Savaşın artık durulmasını beklerken işlerin bu şekilde tekrar şiddetlenmesi, ne kadar garip gelse de tahmin edilebilir. Hepimiz meşhur Trump-Zelenski konuşmasını hatırlıyoruz. Trump’ın Zelenski’ye karşı ifadeleri bundan 100 sene sonra da konuşulmaya devam edecektir. Savaşın başından beri Amerika’nın mazlum gördüğü Ukrayna’ya destek olduğu düşünülebilir. Ancak Trump yönetimi o konuşmayla beraber işlerin nasıl değiştiğini bizlere açıklıyor.
Belki de o konuşma yapılmasaydı savaşın geçtiğimiz haftalarda sonuçlandığını dahi görebilirdik. Bugün ise görebildiğimiz tek şey ABD’nin Ukrayna’ya olan bazı silah sevkiyatlarını durdurma kararı. Neticede siyaset bu. İşler bir anda değişebiliyor. Bu karar sonrası Ukrayna ise yüksek teknoloji içeren ABD silahlarının yerinin doldurulamayacağının farkında. Kendi iç savunma sanayisini kurmak artık hayati bir önem taşıyor.
Gündemi sıkı bir şekilde takip eden Ruslar ise bu olayların ardından, savaşın başından bu zamana kadar geçen süredeki en büyük hava saldırısını düzenledi. Ukrayna’nın elinde ABD kozu kalmadı. Gözler ise Avrupa’ya döndü. Avrupa'nın sürece nasıl ve ne kadar dâhil olacağını kestirmek ise biraz zor.
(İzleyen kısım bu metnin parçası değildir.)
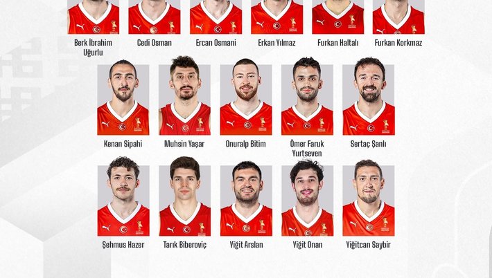 A Milli Erkek Basketbol Takımı'nın FIBA 2027 Dünya Kupası Elemeleri'nde Bosna Hersek ve İsviçre ile yapacağı maçların aday kadrosu belli oldu. C Grubu'nda mücadele eden ay-yıldızlılar, çalışmalarına bugün Başantrenör Ergin Ataman yönetiminde başlayacak. TBF'den yapılan açıklamada şu oyuncuların davet edildiği belirtildi: "Ercan Osmani, Erkan Yılmaz, Şehmus Hazer (Anadolu Efes), Furkan Haltalı, Kenan Sipahi (Bahçeşehir Koleji), Berk İbrahim Uğurlu, Yiğit Arslan (Beşiktaş), Onuralp Bitim, Tarık Biberovic (Fenerbahçe Beko), Muhsin Yaşar (Galatasaray), Yiğit Onan (Manisa), Furkan Korkmaz, Yiğitcan Saybir (TOFAŞ), Sertaç Şanlı (Dubai), Cedi Osman, Ömer Faruk Yurtseven (Panathinaikos)."

Diğer bir tarafta İsrail-İran gerginliğine ABD’nin müdahalesine rağmen Rusya’dan bir ses çıkmamıştı. Bölgede İran’ın güçlü bir müttefiki olan Rusya’nın ses çıkarmamasını bir önceki yazılarımda “o masadan değil de başka masadan kart almış gibi görünüyor” diye belirtmiştim. Bugün kendi bölgesindeki üstünlüğünü düşünürsek ve ABD’nin bu üstünlüğe karşı bir sözü olmadığını hesap edersek olayları biraz daha anlamlandırabiliriz.